Pattern casesi will have index in SI mode. So, out of range checks 
will be

expensive
as most common uses (in AVR) of case values will be in QI/HI mode.

e.g.
  if case values in QI range
if upper three bytes index is set
  goto out_of_range

offset = index - lower_bound (QImode)
if offset > case_range   (QImode)
  goto out_of_range
goto jump_table + offset

  else if case values in HI range
if index[2,3] is set
  goto out_of_range

offset = index - lower_bound (HImode)
if offset > case_range   (HImode)
  goto out_of_range
goto jump_table + offset

This modification will not work for the negative index values. 
Because code to

check
upper bytes of index will be expensive than the SImode subtract/ 
compare.


So, I'm trying to update fix to have SImode subtract/ compare if 
the case

values include
negative integers. For, others will try to optimize as mentioned 
above. Is that

approach OK?


But the above code will be executed at run time and add even more 
overhead,
or am I missing something?  If you conclude statically at expand 
time from
the case ranges then we might hit a similar problem as with the 
original

subreg computation.


No. Lower bound and case range are const_int_operand, known at 
compile time.


Yes, but if the range if form 10 to 90, say, then you still don't know 
whether HImode and QImode is appropriate or not which adds to code 
size and register pressure.


As I mentioned earlier, I am working on a different approach which 
would revert your changes:  The casesi is basically unaltered (except 
for operand clean-ups and avoidance of clobbering subregs).


The ups of my approach are:

* The original value is known and whether is is QI or HI.

* The signedness is known which allows to use the maximum range of
  QI resp. HI depending on the sign.

* Also works on negative values.

* All is done at compile time, no need for extra code.

* No intermediate 32-bit values, no unnecessary increase of reg pressure.

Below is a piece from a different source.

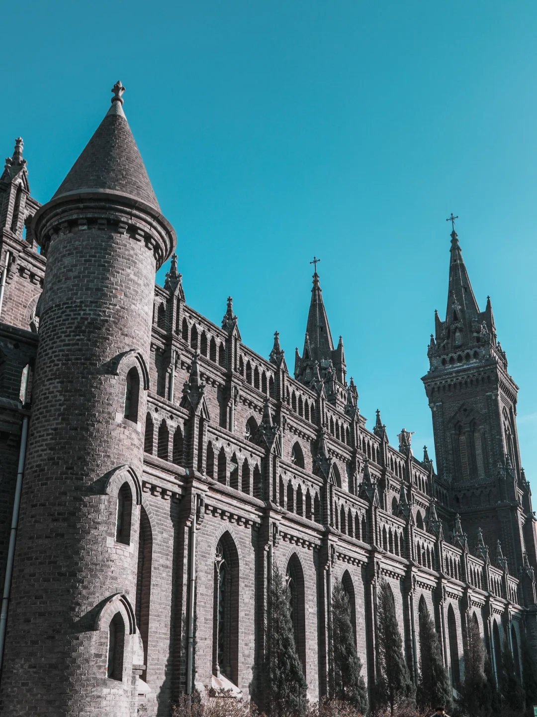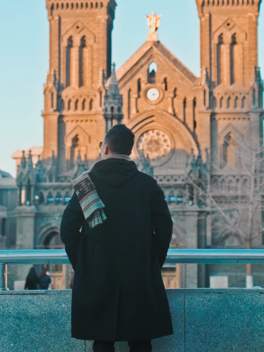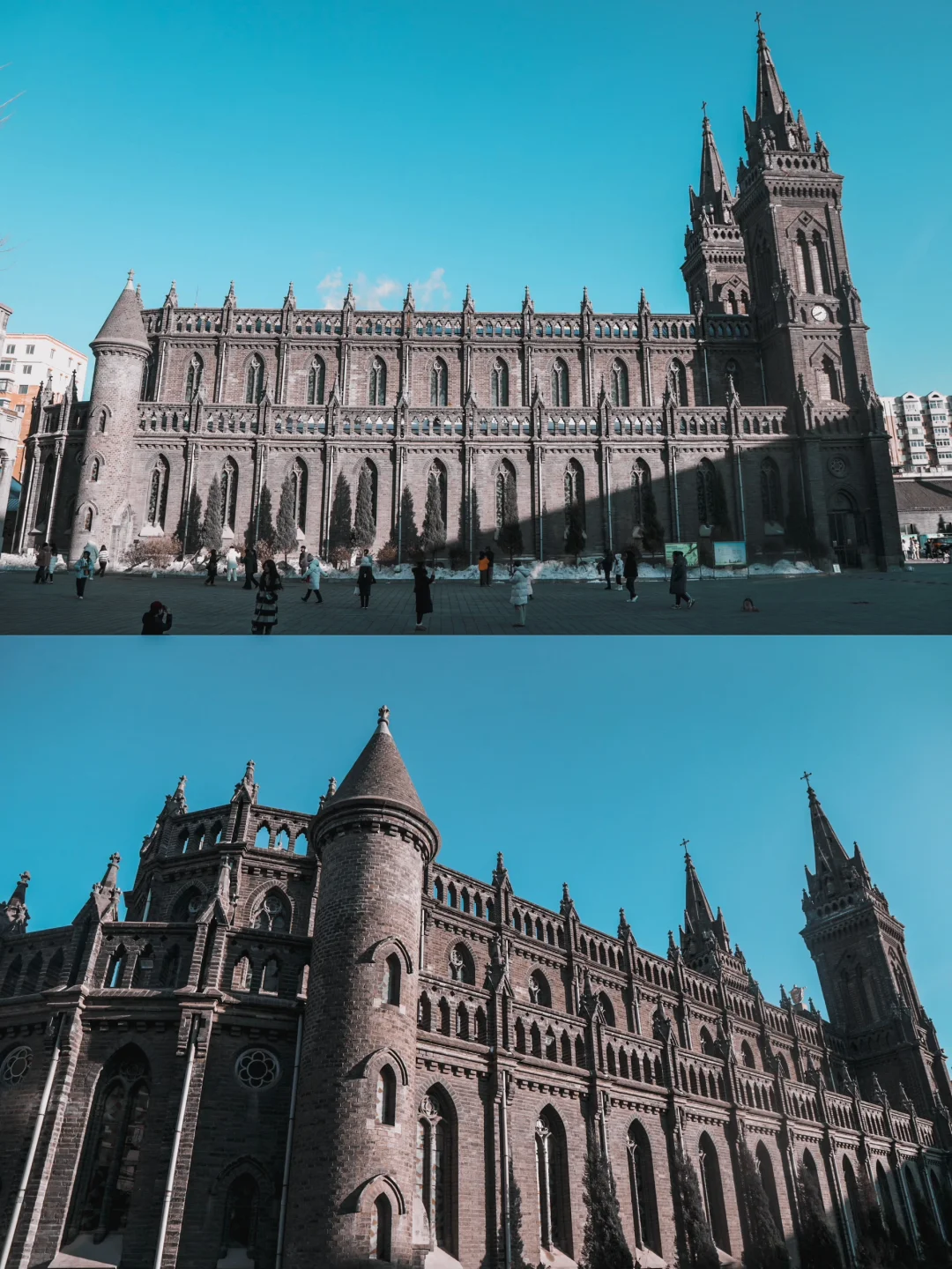 6️⃣在教堂广场,用广角仰拍教堂侧面的整个建筑,也很大气出片。

* Optimization can be switched off by -fdisable if desired.

* Result can be seen in dumps.

The downsides are:

* Also needs some lines of code (~400).

* Makes assumptions on the anatomy of the code, i.e. extension
  precedes casesi.

First we should decide which route to follow as the changes are 
conflicting each other.  I have not so much time to work on the stuff 
but the results are promising.  If you are interested in the changes, 
I can supply it but it's all still work in progress.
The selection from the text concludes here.